Paul Eggert <address@hidden> writes:

> On 12/09/2014 12:57 AM, David Kastrup wrote:
>>
>>> I do it all the time when I'm editing manuals, because I want to check
>>> the output.
>> But that's one manual then, not all the manuals.
>
> Sometimes it's just one Emacs manual, but often enough I'm editing
> multiple manuals.  Plus, even if it's just one manual, Texinfo 5 is
> still waayyy toooo sloooowww.
>
>> Make doc for LilyPond takes over an hour.
>
> That's too bad.  It shouldn't take an hour to check out one's changes
> to the documentation.  That's a sure way to discourage contributions
> to the documentation.

Not really.  For one thing, the normal "make" creates the Info
documentation (and no HTML docs at all) without images.  That catches at
least syntax errors in the text parts, and it's probably half a minute
of the overall compile time.  It's not much of a help for the
translators though since we provide Info only for English.

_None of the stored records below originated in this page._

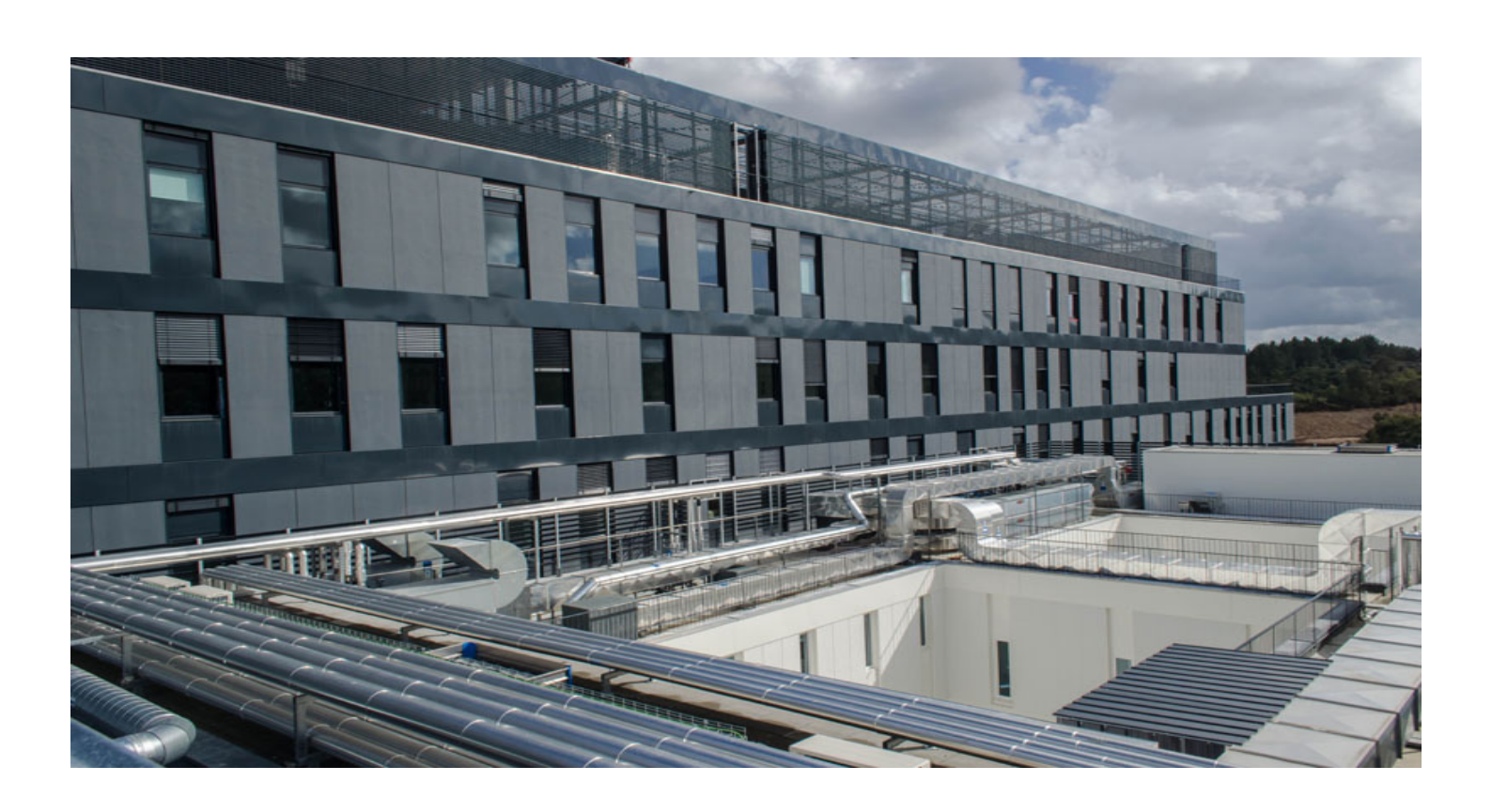
Vila Franca de Xira Hospital
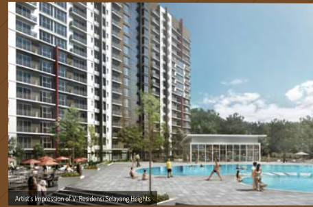
Artist's Impression of V-Riverside, Seremban Heights
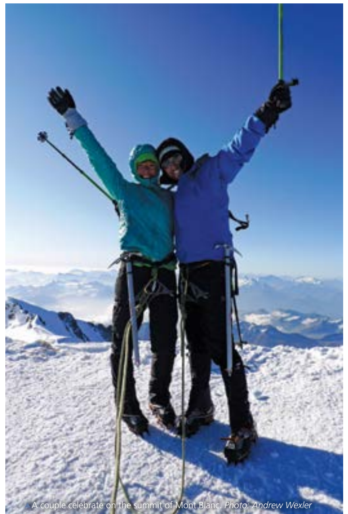
▲ A couple celebrate on the summit of Mont Blanc.
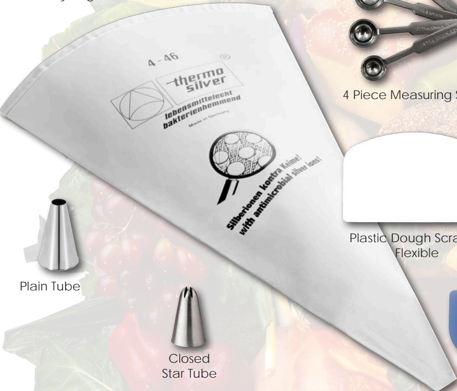
18" Pastry Bag, Anti-Bacterial
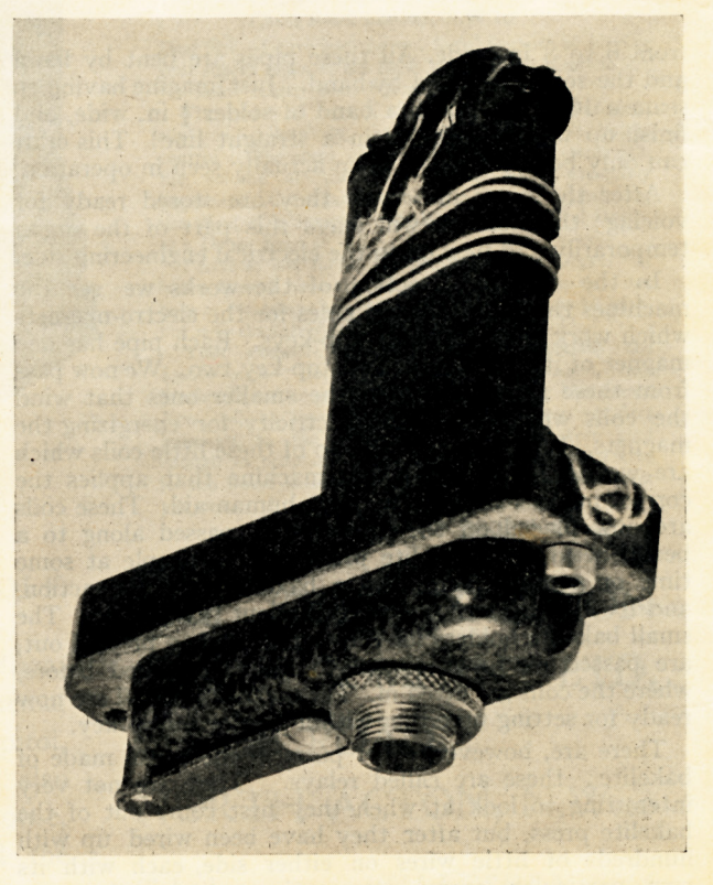
Magnet-coil and Bakelite base

Leaving the wood-working shops, we will pass on to the pipe-making shops. Here we see zinc, lead, and other materials in sheet form ready to be bent into pipes varying in sizes from 6 in. long by \frac{1}{2} in. wide to 16 ft. and anything

For another, if you create a documentation patch and submit it to our
tracker, it is picked up by the compile farms and tested for building
properly (including full documentation).

And third, the dependencies are done pretty well.  If you change one
source file, only the corresponding Info/HTML/PDF document gets
regenerated, and only changed images (which take the bulk of the time)
are recompiled: a system of hashing makes sure that any changes in the
image source result in a new file name for the file extracted from the
embedded source.

Of course, if you change the LilyPond executable and expect changes in
the docs because of the changes in the executable responsible for
generating the images, you need to run "make doc-clean": an explicit
dependency of everything on the executable would be too painful.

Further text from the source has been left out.